* What you will do
Only the pictures are dropped; the lines of the material that follow are returned exactly.

** Opening Provided material block **

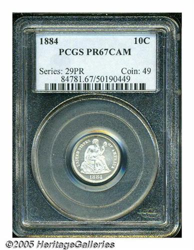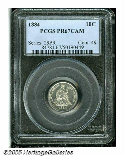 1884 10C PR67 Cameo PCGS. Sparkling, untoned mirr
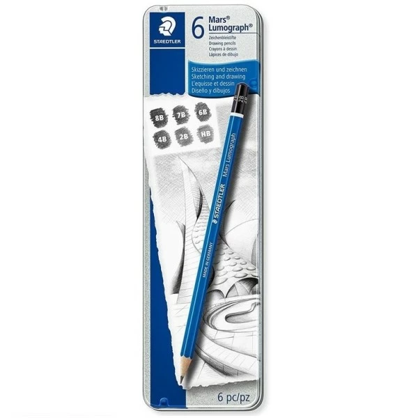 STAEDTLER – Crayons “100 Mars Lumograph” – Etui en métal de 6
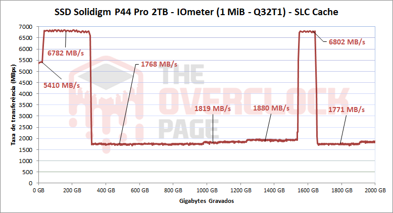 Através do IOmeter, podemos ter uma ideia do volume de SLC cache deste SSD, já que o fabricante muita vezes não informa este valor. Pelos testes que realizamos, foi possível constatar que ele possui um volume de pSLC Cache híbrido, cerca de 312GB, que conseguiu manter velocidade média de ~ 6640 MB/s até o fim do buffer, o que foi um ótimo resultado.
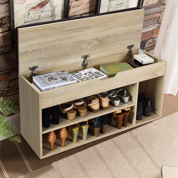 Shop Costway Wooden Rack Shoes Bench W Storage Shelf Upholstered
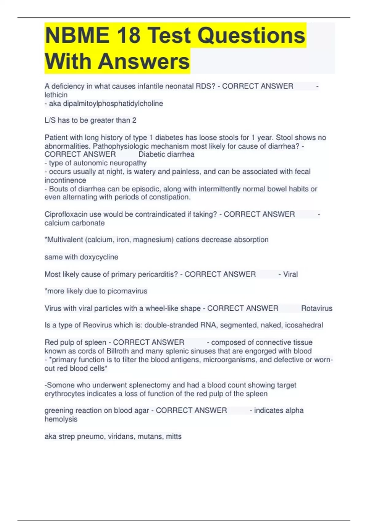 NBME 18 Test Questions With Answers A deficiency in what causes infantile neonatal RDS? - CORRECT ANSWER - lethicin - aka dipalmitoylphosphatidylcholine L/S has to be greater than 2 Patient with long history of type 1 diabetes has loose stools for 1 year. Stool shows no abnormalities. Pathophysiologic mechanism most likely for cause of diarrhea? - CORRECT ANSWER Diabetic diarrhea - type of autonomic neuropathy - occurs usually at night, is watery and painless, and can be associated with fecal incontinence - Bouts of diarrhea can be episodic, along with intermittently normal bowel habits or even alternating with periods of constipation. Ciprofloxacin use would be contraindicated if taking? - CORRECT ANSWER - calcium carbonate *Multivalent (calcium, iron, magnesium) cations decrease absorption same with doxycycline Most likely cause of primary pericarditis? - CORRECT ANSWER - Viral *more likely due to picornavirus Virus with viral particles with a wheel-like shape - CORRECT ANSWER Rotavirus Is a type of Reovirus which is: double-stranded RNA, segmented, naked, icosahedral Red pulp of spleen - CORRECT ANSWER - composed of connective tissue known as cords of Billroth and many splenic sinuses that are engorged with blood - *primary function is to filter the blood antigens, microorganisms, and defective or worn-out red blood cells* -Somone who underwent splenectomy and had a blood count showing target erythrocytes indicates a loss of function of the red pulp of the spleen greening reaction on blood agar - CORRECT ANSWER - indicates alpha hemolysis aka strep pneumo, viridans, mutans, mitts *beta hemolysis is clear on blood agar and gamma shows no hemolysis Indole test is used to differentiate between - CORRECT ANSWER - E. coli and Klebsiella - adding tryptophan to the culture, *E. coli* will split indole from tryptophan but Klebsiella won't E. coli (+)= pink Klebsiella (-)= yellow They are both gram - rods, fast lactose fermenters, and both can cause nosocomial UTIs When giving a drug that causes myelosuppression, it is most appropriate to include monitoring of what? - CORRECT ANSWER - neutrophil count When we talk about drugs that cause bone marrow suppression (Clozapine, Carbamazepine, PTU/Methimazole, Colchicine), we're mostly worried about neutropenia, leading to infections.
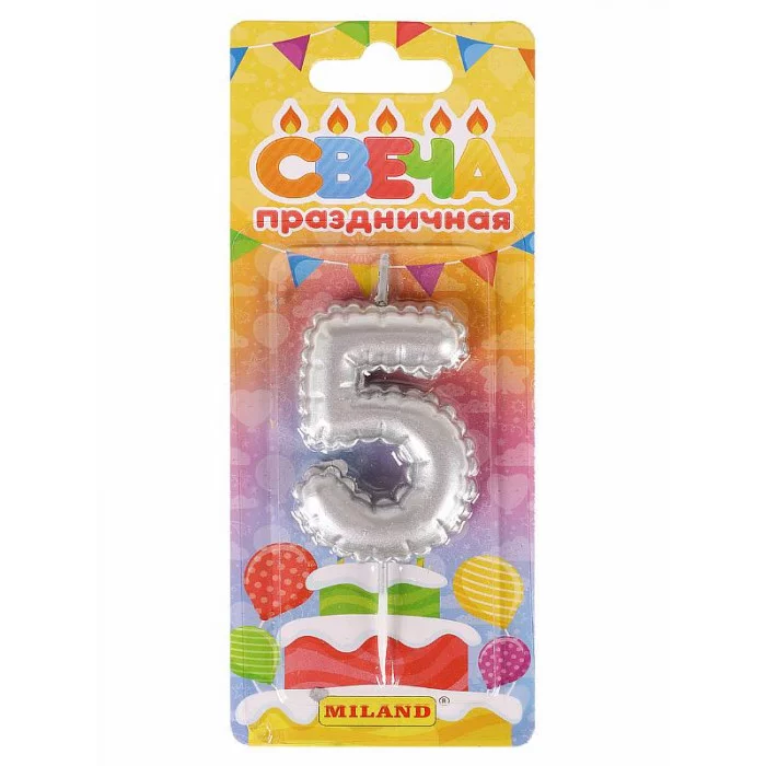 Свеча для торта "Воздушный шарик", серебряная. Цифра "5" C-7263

** Closing Provided material block **

* Solution to this problem
 1884 10C PR67 Cameo PCGS. Sparkling, untoned mirr
 STAEDTLER – Crayons “100 Mars Lumograph” – Etui en métal de 6
 Através do IOmeter, podemos ter uma ideia do volume de SLC cache deste SSD, já que o fabricante muita vezes não informa este valor. Pelos testes que realizamos, foi possível constatar que ele possui um volume de pSLC Cache híbrido, cerca de 312GB, que conseguiu manter velocidade média de ~ 6640 MB/s até o fim do buffer, o que foi um ótimo resultado.
 Shop Costway Wooden Rack Shoes Bench W Storage Shelf Upholstered
 NBME 18 Test Questions With Answers A deficiency in what causes infantile neonatal RDS? - CORRECT ANSWER - lethicin - aka dipalmitoylphosphatidylcholine L/S has to be greater than 2 Patient with long history of type 1 diabetes has loose stools for 1 year. Stool shows no abnormalities. Pathophysiologic mechanism most likely for cause of diarrhea? - CORRECT ANSWER Diabetic diarrhea - type of autonomic neuropathy - occurs usually at night, is watery and painless, and can be associated with fecal incontinence - Bouts of diarrhea can be episodic, along with intermittently normal bowel habits or even alternating with periods of constipation. Ciprofloxacin use would be contraindicated if taking? - CORRECT ANSWER - calcium carbonate *Multivalent (calcium, iron, magnesium) cations decrease absorption same with doxycycline Most likely cause of primary pericarditis? - CORRECT ANSWER - Viral *more likely due to picornavirus Virus with viral particles with a wheel-like shape - CORRECT ANSWER Rotavirus Is a type of Reovirus which is: double-stranded RNA, segmented, naked, icosahedral Red pulp of spleen - CORRECT ANSWER - composed of connective tissue known as cords of Billroth and many splenic sinuses that are engorged with blood - *primary function is to filter the blood antigens, microorganisms, and defective or worn-out red blood cells* -Somone who underwent splenectomy and had a blood count showing target erythrocytes indicates a loss of function of the red pulp of the spleen greening reaction on blood agar - CORRECT ANSWER - indicates alpha hemolysis aka strep pneumo, viridans, mutans, mitts *beta hemolysis is clear on blood agar and gamma shows no hemolysis Indole test is used to differentiate between - CORRECT ANSWER - E. coli and Klebsiella - adding tryptophan to the culture, *E. coli* will split indole from tryptophan but Klebsiella won't E. coli (+)= pink Klebsiella (-)= yellow They are both gram - rods, fast lactose fermenters, and both can cause nosocomial UTIs When giving a drug that causes myelosuppression, it is most appropriate to include monitoring of what? - CORRECT ANSWER - neutrophil count When we talk about drugs that cause bone marrow suppression (Clozapine, Carbamazepine, PTU/Methimazole, Colchicine), we're mostly worried about neutropenia, leading to infections.
 Свеча для торта "Воздушный шарик", серебряная. Цифра "5" C-7263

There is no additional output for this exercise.